In one embodiment, the upstream end (186a) of the second external conveyor (186) may be provided lower than the downstream end (186b) of the second external conveyor (186). That is, the second external conveyor (186) may transport the tablet upward. Accordingly, the coater (160) and the marking device (170) may be arranged at the same/similar height, thereby improving the arrangement efficiency of each device.

The tablets discharged from the discharge end (179) of the marking device (170) can be fed into an additional device for an additional process. At this time, the transfer unit (180) may further include an additional transfer means, such as a conveyor, to transfer the tablets to the additional device.

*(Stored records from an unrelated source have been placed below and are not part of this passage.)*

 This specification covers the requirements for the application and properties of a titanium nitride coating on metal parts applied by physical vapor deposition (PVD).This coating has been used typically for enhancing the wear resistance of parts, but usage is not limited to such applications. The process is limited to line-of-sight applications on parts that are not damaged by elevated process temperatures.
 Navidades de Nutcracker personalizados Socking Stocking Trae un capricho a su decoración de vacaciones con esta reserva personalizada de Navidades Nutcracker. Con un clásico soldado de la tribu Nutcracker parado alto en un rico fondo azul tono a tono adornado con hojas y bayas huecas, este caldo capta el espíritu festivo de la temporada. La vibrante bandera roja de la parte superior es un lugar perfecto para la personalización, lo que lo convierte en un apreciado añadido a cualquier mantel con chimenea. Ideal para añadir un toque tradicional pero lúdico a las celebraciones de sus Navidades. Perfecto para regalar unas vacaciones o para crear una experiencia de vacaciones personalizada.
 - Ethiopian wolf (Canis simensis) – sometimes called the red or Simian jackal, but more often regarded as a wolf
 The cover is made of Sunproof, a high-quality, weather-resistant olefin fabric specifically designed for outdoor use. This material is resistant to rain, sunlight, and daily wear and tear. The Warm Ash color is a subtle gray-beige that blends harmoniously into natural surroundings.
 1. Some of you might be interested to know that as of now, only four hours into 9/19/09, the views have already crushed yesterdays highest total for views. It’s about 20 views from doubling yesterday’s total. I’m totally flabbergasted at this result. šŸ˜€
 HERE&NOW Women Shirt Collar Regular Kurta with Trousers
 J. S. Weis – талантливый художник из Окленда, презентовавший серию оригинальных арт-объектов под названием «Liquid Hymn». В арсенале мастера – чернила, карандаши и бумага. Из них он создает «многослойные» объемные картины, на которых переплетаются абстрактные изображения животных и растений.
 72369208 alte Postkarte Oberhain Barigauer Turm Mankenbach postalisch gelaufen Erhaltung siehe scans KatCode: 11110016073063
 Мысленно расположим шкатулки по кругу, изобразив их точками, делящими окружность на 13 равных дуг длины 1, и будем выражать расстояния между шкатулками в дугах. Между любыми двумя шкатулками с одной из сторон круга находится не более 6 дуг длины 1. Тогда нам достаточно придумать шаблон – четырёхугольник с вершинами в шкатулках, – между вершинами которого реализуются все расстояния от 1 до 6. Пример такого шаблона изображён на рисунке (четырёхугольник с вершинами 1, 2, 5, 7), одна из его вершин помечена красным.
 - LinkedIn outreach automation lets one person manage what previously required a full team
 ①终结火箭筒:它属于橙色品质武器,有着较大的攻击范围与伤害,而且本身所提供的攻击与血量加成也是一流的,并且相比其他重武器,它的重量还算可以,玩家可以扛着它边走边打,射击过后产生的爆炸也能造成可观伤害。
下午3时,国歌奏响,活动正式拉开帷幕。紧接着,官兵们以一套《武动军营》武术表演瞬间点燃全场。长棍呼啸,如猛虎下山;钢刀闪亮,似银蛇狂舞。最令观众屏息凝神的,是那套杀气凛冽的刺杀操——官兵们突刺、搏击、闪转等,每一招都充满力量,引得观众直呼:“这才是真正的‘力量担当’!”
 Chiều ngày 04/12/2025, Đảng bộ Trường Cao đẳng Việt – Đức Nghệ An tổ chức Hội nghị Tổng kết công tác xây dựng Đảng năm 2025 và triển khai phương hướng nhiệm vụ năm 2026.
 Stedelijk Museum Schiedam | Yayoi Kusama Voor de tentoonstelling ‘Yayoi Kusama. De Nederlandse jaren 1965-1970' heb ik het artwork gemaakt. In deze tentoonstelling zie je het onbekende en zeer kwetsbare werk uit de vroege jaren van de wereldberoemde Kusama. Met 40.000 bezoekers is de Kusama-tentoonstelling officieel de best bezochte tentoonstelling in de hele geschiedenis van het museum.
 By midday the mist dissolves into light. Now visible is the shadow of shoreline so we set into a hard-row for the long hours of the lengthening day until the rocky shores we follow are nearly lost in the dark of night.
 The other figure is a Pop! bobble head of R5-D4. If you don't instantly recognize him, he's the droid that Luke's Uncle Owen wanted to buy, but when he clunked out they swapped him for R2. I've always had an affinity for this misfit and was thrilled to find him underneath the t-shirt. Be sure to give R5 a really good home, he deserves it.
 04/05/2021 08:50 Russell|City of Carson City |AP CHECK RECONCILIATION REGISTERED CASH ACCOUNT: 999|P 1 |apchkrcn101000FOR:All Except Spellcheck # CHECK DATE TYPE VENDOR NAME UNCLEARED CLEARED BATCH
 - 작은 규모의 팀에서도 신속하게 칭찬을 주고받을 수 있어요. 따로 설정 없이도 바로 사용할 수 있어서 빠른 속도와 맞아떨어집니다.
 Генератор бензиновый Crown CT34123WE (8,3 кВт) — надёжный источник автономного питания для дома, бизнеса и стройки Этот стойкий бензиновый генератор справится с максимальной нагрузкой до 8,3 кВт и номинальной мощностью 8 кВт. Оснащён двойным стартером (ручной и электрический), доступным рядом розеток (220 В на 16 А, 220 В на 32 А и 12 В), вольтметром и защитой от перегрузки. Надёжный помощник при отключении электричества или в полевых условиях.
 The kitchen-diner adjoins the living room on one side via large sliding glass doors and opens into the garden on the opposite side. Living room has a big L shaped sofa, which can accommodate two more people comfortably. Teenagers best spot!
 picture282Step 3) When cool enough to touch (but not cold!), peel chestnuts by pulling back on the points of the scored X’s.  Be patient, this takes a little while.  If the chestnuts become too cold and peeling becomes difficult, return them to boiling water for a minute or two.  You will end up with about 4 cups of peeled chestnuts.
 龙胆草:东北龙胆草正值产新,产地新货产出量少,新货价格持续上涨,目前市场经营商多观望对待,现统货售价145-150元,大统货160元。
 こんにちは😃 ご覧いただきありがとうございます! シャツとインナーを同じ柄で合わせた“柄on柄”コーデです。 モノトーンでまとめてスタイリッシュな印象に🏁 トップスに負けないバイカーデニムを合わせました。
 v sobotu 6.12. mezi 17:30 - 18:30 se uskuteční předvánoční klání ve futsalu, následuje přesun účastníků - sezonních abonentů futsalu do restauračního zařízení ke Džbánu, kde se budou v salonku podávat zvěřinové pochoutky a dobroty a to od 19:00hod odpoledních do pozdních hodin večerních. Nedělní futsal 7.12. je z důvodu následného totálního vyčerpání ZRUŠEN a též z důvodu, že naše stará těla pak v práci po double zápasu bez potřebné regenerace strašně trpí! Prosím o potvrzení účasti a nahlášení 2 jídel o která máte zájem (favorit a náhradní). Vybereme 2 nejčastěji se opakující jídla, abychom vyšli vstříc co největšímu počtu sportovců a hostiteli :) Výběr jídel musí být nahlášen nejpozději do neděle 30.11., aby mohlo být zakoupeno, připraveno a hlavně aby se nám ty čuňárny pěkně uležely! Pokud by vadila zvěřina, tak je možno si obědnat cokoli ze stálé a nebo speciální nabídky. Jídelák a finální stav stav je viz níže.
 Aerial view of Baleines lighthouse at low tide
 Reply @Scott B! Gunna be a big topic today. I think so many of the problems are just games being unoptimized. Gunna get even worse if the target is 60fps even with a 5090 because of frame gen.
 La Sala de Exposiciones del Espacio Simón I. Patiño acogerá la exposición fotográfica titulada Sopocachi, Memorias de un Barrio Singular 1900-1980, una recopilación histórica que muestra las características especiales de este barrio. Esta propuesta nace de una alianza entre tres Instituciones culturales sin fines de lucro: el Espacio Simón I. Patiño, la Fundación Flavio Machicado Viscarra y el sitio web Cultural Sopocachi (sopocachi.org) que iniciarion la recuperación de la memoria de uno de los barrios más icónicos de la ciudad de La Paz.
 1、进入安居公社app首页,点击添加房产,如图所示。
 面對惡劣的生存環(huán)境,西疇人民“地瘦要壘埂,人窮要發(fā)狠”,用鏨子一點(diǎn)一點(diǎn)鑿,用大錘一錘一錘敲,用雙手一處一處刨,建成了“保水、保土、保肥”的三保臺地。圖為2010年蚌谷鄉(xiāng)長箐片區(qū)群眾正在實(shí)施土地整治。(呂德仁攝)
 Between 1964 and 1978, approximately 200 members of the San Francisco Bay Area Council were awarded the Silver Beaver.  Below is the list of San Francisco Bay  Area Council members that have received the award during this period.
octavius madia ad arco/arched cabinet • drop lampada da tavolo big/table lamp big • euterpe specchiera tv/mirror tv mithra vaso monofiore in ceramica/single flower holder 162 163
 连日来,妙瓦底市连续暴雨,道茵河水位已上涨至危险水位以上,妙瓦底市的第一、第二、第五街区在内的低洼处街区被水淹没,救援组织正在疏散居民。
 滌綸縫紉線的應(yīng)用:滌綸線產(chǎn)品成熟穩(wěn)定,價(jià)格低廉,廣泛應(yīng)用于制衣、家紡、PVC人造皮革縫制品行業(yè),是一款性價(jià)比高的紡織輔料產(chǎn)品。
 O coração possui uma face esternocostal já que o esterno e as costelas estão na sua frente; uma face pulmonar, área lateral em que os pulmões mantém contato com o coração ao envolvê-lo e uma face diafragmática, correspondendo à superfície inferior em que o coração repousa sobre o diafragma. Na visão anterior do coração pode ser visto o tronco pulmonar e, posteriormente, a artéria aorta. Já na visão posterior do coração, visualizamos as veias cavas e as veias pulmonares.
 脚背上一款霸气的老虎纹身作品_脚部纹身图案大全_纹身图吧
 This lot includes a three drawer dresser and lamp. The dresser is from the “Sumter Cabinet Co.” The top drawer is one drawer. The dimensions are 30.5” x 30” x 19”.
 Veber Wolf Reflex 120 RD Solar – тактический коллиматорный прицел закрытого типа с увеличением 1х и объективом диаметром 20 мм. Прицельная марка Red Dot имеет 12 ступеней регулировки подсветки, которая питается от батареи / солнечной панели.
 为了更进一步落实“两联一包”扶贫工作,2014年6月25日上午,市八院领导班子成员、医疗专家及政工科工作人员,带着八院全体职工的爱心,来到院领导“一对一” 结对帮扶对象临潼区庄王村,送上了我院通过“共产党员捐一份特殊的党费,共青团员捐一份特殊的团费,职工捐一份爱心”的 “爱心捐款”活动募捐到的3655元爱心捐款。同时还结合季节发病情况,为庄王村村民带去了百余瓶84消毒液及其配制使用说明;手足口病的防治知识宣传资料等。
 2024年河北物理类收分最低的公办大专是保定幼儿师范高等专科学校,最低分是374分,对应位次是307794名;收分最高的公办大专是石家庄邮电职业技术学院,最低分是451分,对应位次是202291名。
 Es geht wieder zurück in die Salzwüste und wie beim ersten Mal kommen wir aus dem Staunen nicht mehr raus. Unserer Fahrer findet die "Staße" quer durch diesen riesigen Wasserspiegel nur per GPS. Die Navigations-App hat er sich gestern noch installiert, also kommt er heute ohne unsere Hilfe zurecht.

Figure 3 illustrates a process for a tablet manufacturing system according to one embodiment of the present invention. Each component illustrated in Figure 3 may correspond to a component having the same name illustrated in Figure 1 or Figure 2.

According to step S301, raw materials in a powder or premix state can be fed into the raw material conveyor hopper.

According to step S302, raw materials in a powder or premix state can be transferred from a raw material transfer hopper to a feeder by a raw material transfer machine.

According to step S303, raw materials in a powder or premix state can be fed into the blender at a constant rate by one or more feeders.

According to step S304, raw materials discharged from one or more feeders may be blended by one or more blenders.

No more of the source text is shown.